What this task involves
In the material below, find the line containing "MÉXICO, D.F., 08DICIEMBRE2011.- El" and output it and all lines after it exactly, through the last one, without the pictures.

Source data
■ ■ ■ ■ ■ ■ ■

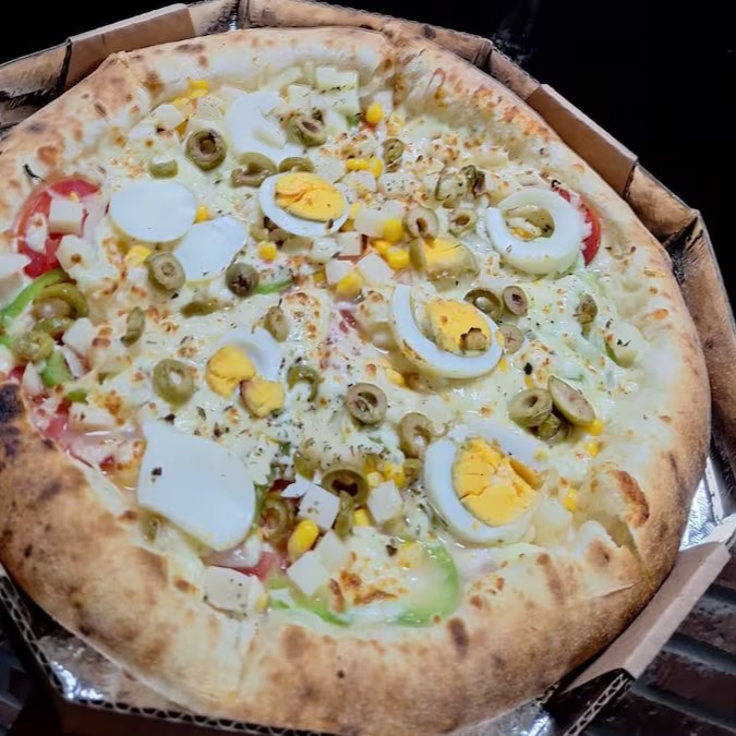 Muçarela, palmito, azeitona, tomate, pimentão, ovo, milho e cebola.
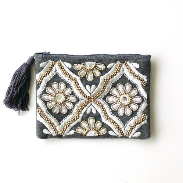 - ポーチ 小物入れ おしゃれ マチなし かわいい ミニ ビーズ刺繍 花柄 デザイン ビーズ刺繍ポーチ CH 送料無料(一部地域除く) kan1580
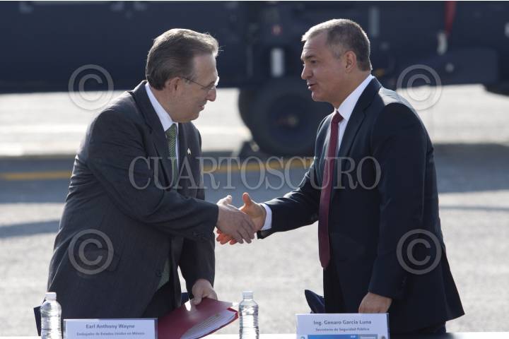 MÉXICO, D.F., 08DICIEMBRE2011.- El gobierno estadunidense entregó un helicóptero tipo UH-60M Black Hawk a la Secretaria de Seguridad Federal, en el marco del Plan de Cooperación Mérida. Esta aeronave servirá para el combate al crimen organizado y se recibió en el Centro de Alto mando de la Policía Federal. FOTO: MOISÉS PABLO/CUARTOSCURO.COM
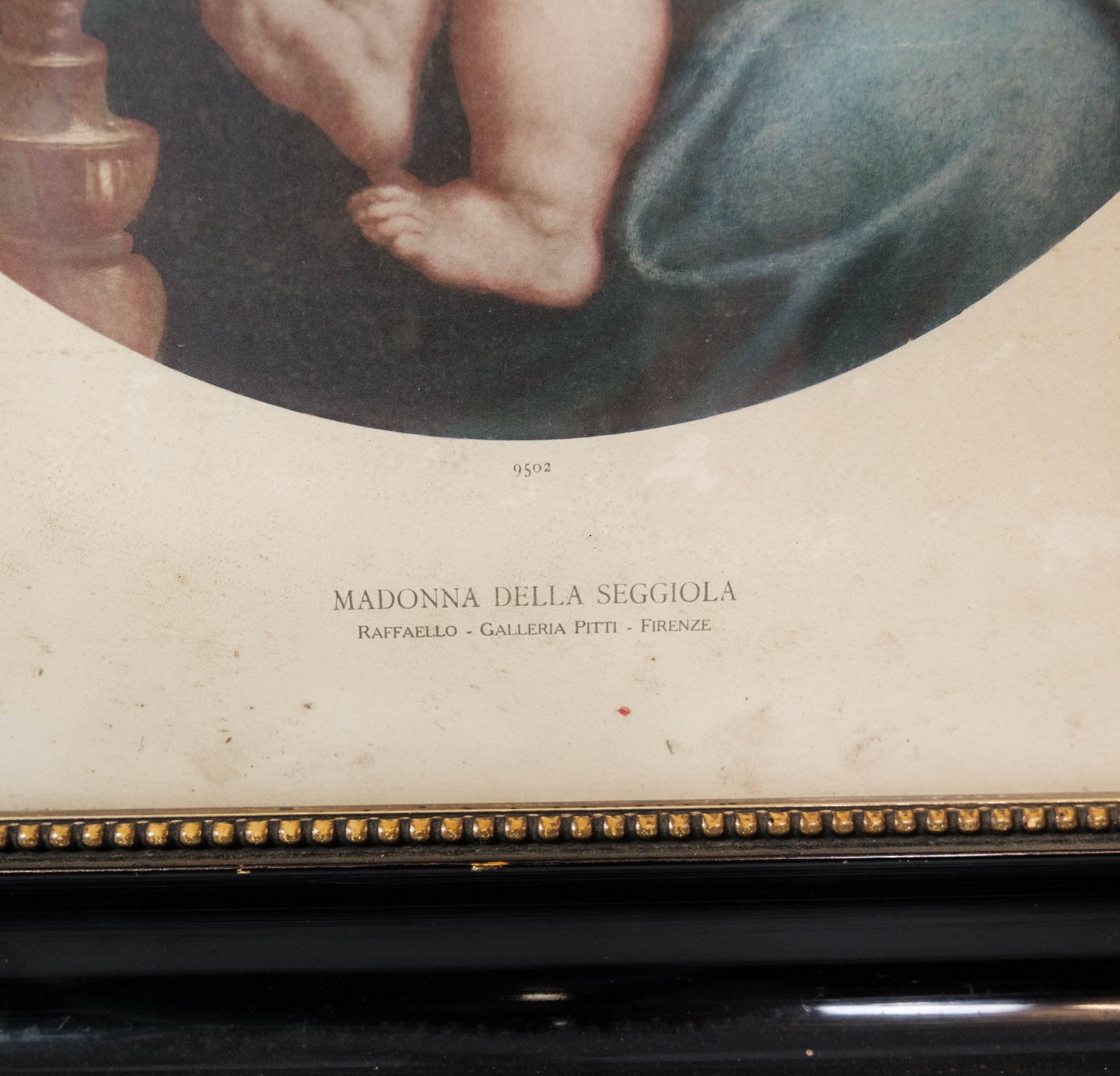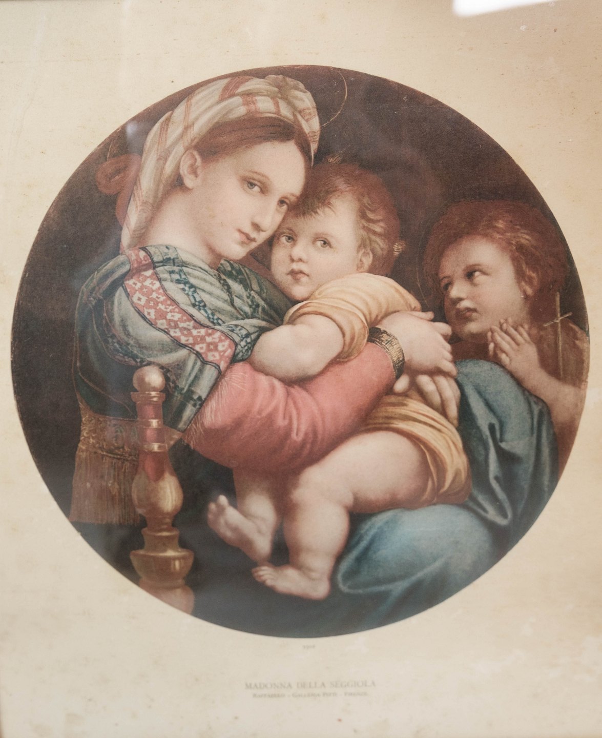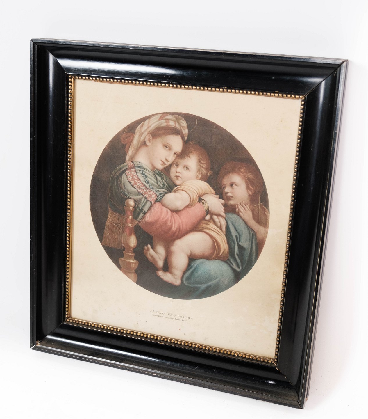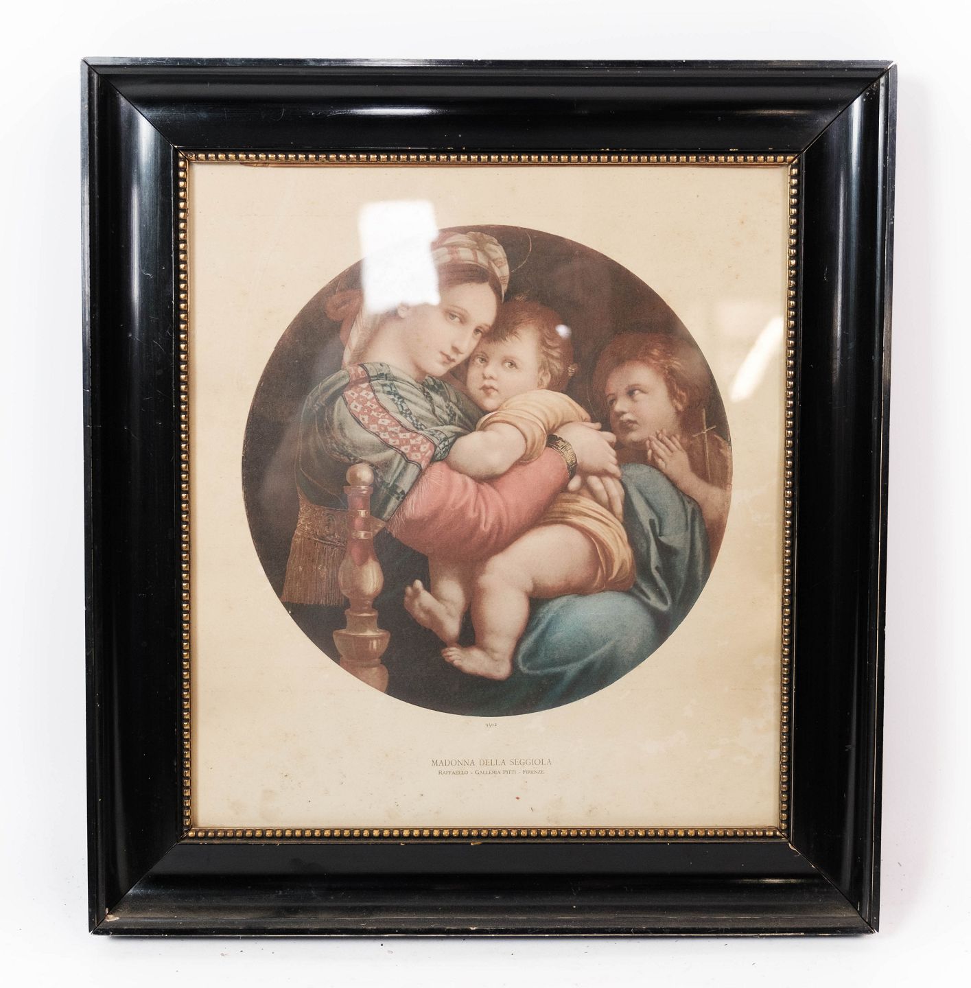 Print of Madonna Della Seggiola with black frame from the 1940s.

■ ■ ■ ■ ■ ■ ■

Output for this task
 MÉXICO, D.F., 08DICIEMBRE2011.- El gobierno estadunidense entregó un helicóptero tipo UH-60M Black Hawk a la Secretaria de Seguridad Federal, en el marco del Plan de Cooperación Mérida. Esta aeronave servirá para el combate al crimen organizado y se recibió en el Centro de Alto mando de la Policía Federal. FOTO: MOISÉS PABLO/CUARTOSCURO.COM
 Print of Madonna Della Seggiola with black frame from the 1940s.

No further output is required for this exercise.